In subsequent articles we will look at the details of strategy implementations that are often barely mentioned or ignored. We will also consider how to make the backtesting process more realistic by including the idiosyncrasies of a trading exchange. Then we will discuss transaction costs and how to correctly model them in a backtest setting. We will end with a discussion on the performance of our backtests and finally provide an example of a common quant strategy, known as a mean-reverting pairs trade .

Let’s begin by discussing what backtesting is and why we should carry it out in our algorithmic trading.

What is Backtesting?

Algorithmic trading stands apart from other types of investment classes because we can more reliably provide expectations about future performance from past performance, as a consequence of abundant data availability. The process by which this is carried out is known as backtesting .

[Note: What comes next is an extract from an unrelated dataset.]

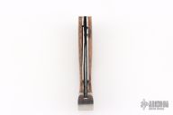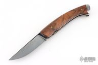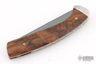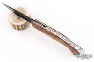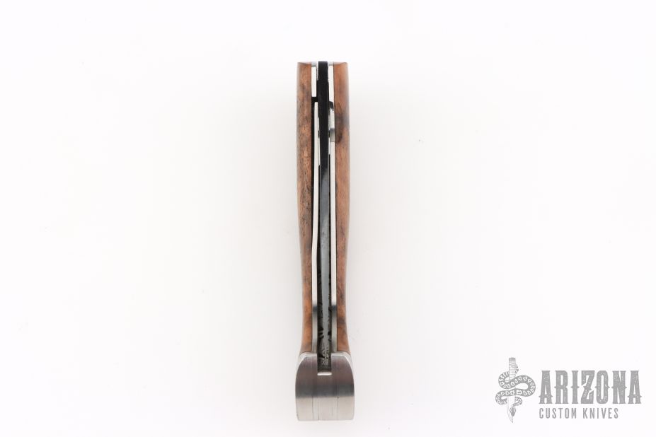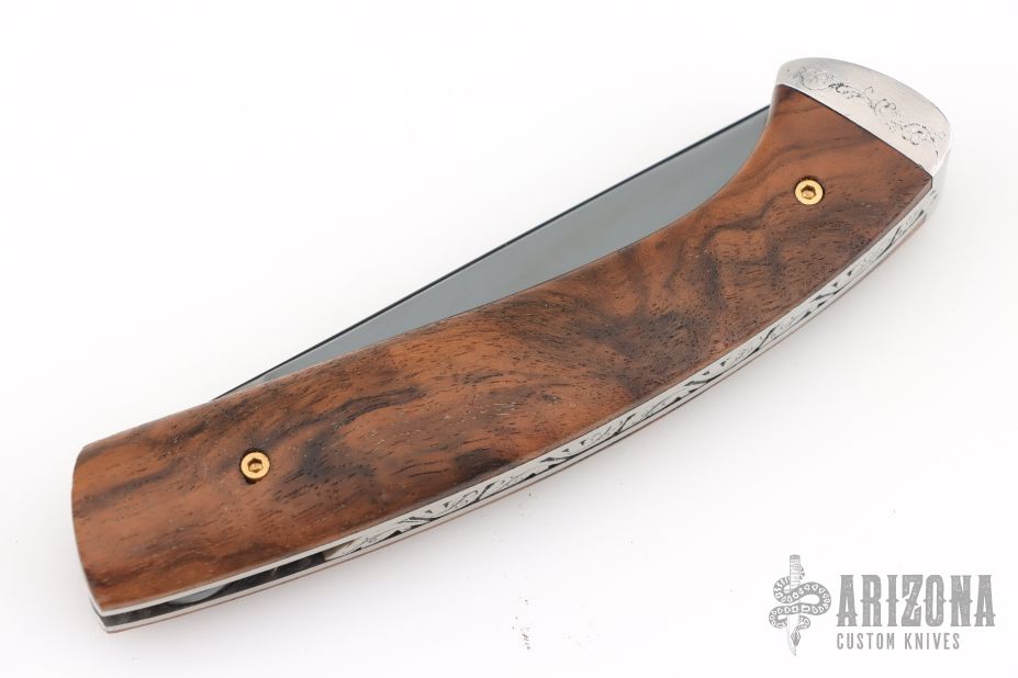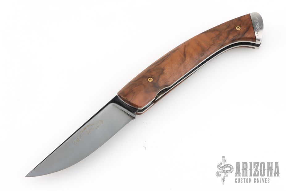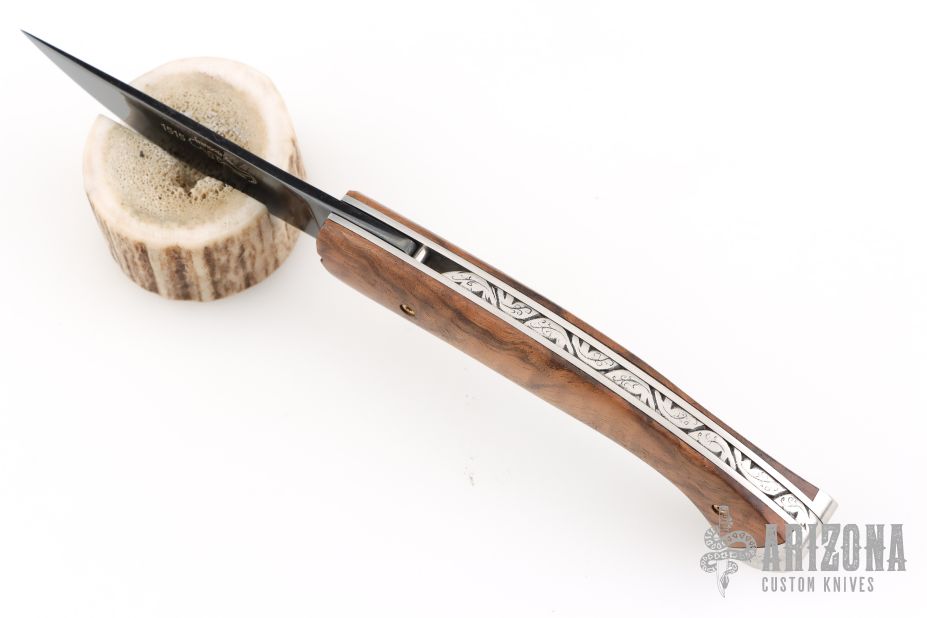 This 1515 by Theirs features a blued, mirror finished straight back blade. The handle is comprised wood scales with engraved stainless steel pommel over jeweled stainless steel liners, fileworked (inside and out) stainless steel backspacer. Nice detent, lockup and blade seating. Comes in a felt pouch. Has a couple light scuffs, excellent condition otherwise.

In simple terms, backtesting is carried out by exposing your particular strategy algorithm to a stream of historical financial data, which leads to a set of trading signals. Each trade (which we will mean here to be a ’round-trip’ of two signals) will have an associated profit or loss. The accumulation of this profit/loss over the duration of your strategy backtest will lead to the total profit and loss (also known as the ‘P&L’ or ‘PnL’). That is the essence of the idea, although of course the devil is always in the details!

What are key reasons for backtesting an algorithmic strategy?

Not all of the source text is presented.